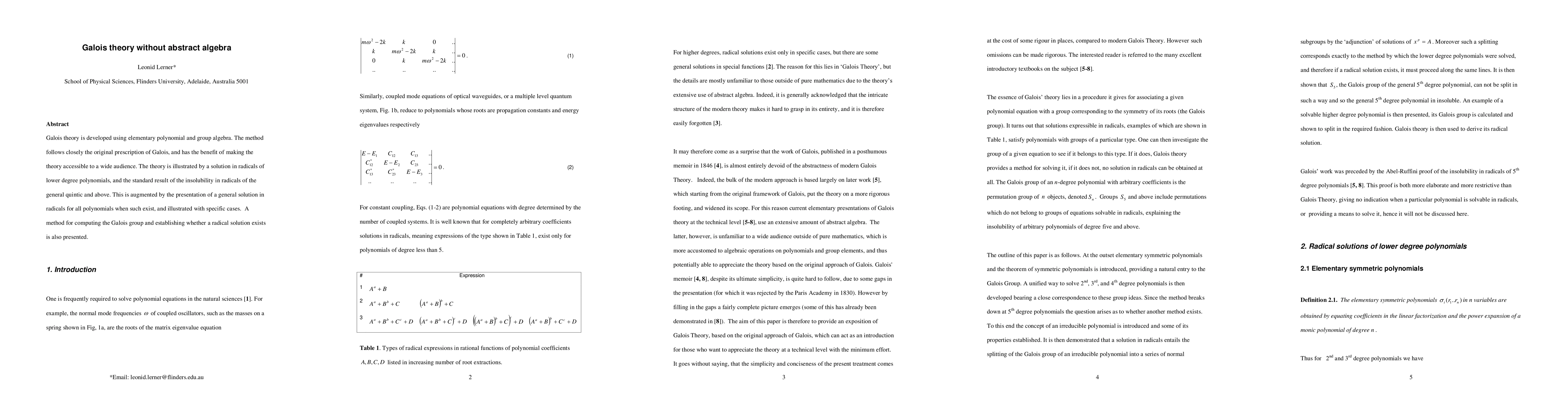 Galois theory is developed using elementary polynomial and group algebra. The method follows closely the original prescription of Galois, and has the benefit of making the theory accessible to a wide audience. The theory is illustrated by a solution in radicals of lower degree polynomials, and the standard result of the insolubility in radicals of the general quintic and above. This is augmented by the presentation of a general solution in radicals for all polynomials when such exist, and illustrated with specific cases. A method for computing the Galois group and establishing whether a radical solution exists is also presented.
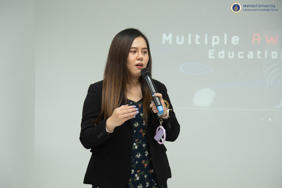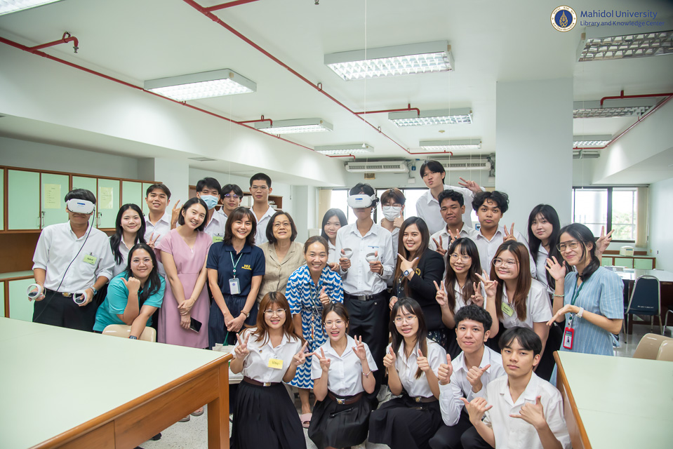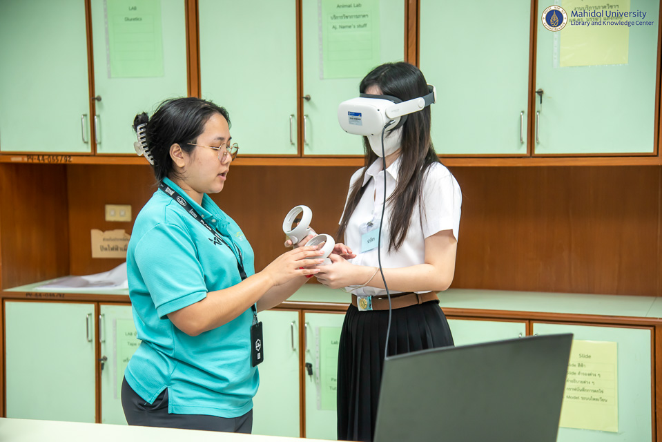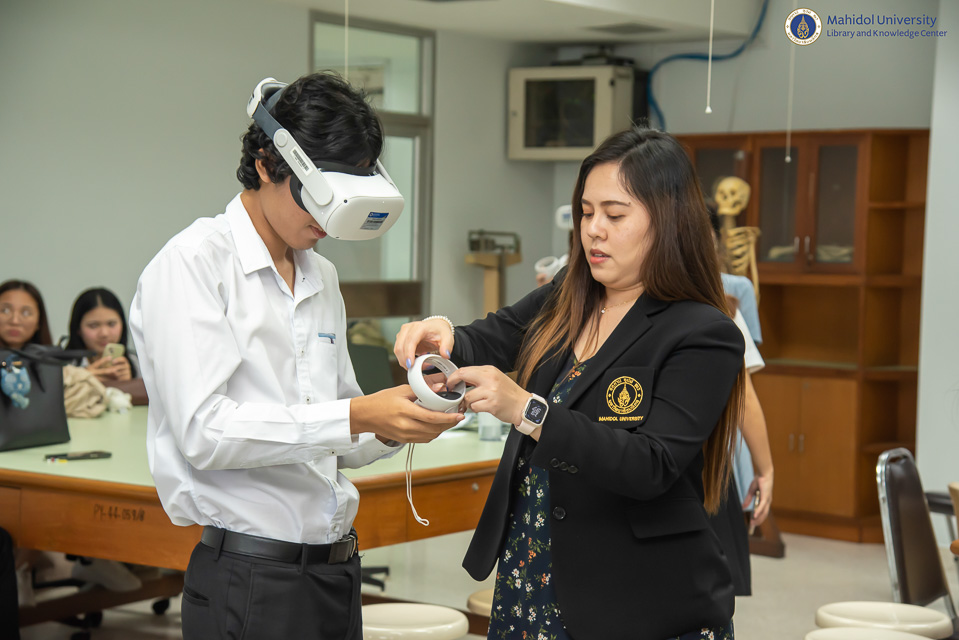 หอสมุดและคลังความรู้มหาวิทยาลัยมหิดล ได้รับเชิญจัดกิจกรรม “Explore your body” ให้กับนักศึกษาภาควิชาสรีรวิทยา คณะเภสัชศาสตร์ มหาวิทยาลัยมหิดล จำนวน 144 คน โดยมีคุณนภัสวรรณ สุพัตร นักวิชาการโสตทัศนศึกษา (ผู้ชำนาญการพิเศษ) คุณสรวิศ อัตตปรีชากุล นักวิชาการสารสนเทศ งานเทคโนโลยีการศึกษา คุณพัชรณัฏฐ์ คุณเจริญหิรัญ บรรณารักษ์ และคุณชนกชนม์ โรจน์บวรวิทยา เจ้าหน้าที่บริหารงานทั่วไป ห้องสมุดคณะเภสัชศาสตร์ เป็นวิทยากรสาธิตการประยุกต์ใช้เทคโนโลยีแว่น VR เพื่อการเรียนรู้ โดยมีอาจารย์ ดร.ภญ.ชญานิน กีรติไพบูลย์ อาจารย์ประจำสาขาวิชาชีวเภสัชศาสตร์ ให้การต้อนรับ ในวันศุกร์ที่ 26 กันยายน พ.ศ. 2568 ณ อาคารราชรัตน์ คณะเภสัชศาสตร์ มหาวิทยาลัยมหิดล
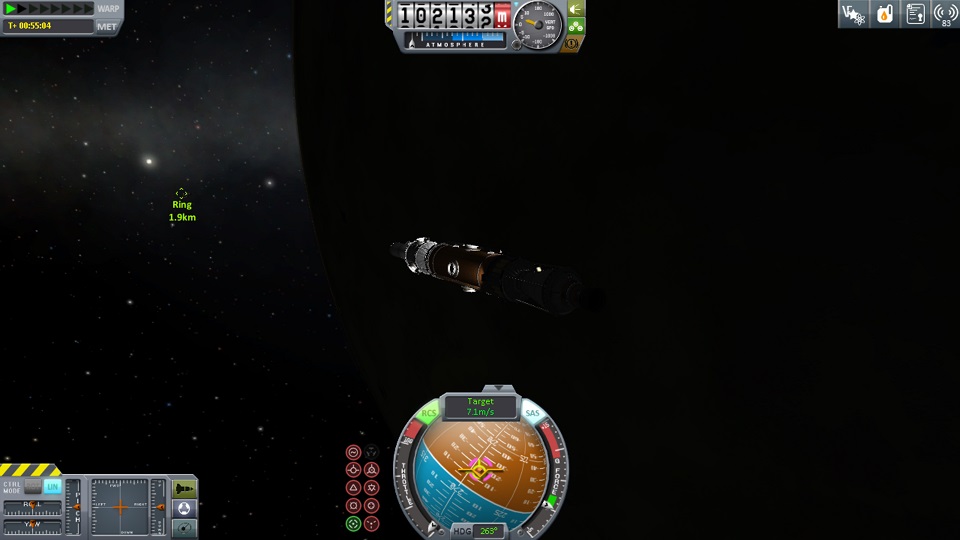 boni01: [^boni01] #kerbal Spokojnie se lecimy parę km - w międzyczasie przełączamy RCSy w tryb przesunięć, uczymy się jak pojazd reaguje na RCSy, trymujemy środek ciężkości, przelewamy paliwo, włączamy światła, przecieramy przednią szybę |

§ DESCRIPTION OF THE TASK
Reproduce the whole listing above word for word, but not its pictures.

§ TASK SOLUTION
 Galois theory is developed using elementary polynomial and group algebra. The method follows closely the original prescription of Galois, and has the benefit of making the theory accessible to a wide audience. The theory is illustrated by a solution in radicals of lower degree polynomials, and the standard result of the insolubility in radicals of the general quintic and above. This is augmented by the presentation of a general solution in radicals for all polynomials when such exist, and illustrated with specific cases. A method for computing the Galois group and establishing whether a radical solution exists is also presented.
 หอสมุดและคลังความรู้มหาวิทยาลัยมหิดล ได้รับเชิญจัดกิจกรรม “Explore your body” ให้กับนักศึกษาภาควิชาสรีรวิทยา คณะเภสัชศาสตร์ มหาวิทยาลัยมหิดล จำนวน 144 คน โดยมีคุณนภัสวรรณ สุพัตร นักวิชาการโสตทัศนศึกษา (ผู้ชำนาญการพิเศษ) คุณสรวิศ อัตตปรีชากุล นักวิชาการสารสนเทศ งานเทคโนโลยีการศึกษา คุณพัชรณัฏฐ์ คุณเจริญหิรัญ บรรณารักษ์ และคุณชนกชนม์ โรจน์บวรวิทยา เจ้าหน้าที่บริหารงานทั่วไป ห้องสมุดคณะเภสัชศาสตร์ เป็นวิทยากรสาธิตการประยุกต์ใช้เทคโนโลยีแว่น VR เพื่อการเรียนรู้ โดยมีอาจารย์ ดร.ภญ.ชญานิน กีรติไพบูลย์ อาจารย์ประจำสาขาวิชาชีวเภสัชศาสตร์ ให้การต้อนรับ ในวันศุกร์ที่ 26 กันยายน พ.ศ. 2568 ณ อาคารราชรัตน์ คณะเภสัชศาสตร์ มหาวิทยาลัยมหิดล
 boni01: [^boni01] #kerbal Spokojnie se lecimy parę km - w międzyczasie przełączamy RCSy w tryb przesunięć, uczymy się jak pojazd reaguje na RCSy, trymujemy środek ciężkości, przelewamy paliwo, włączamy światła, przecieramy przednią szybę |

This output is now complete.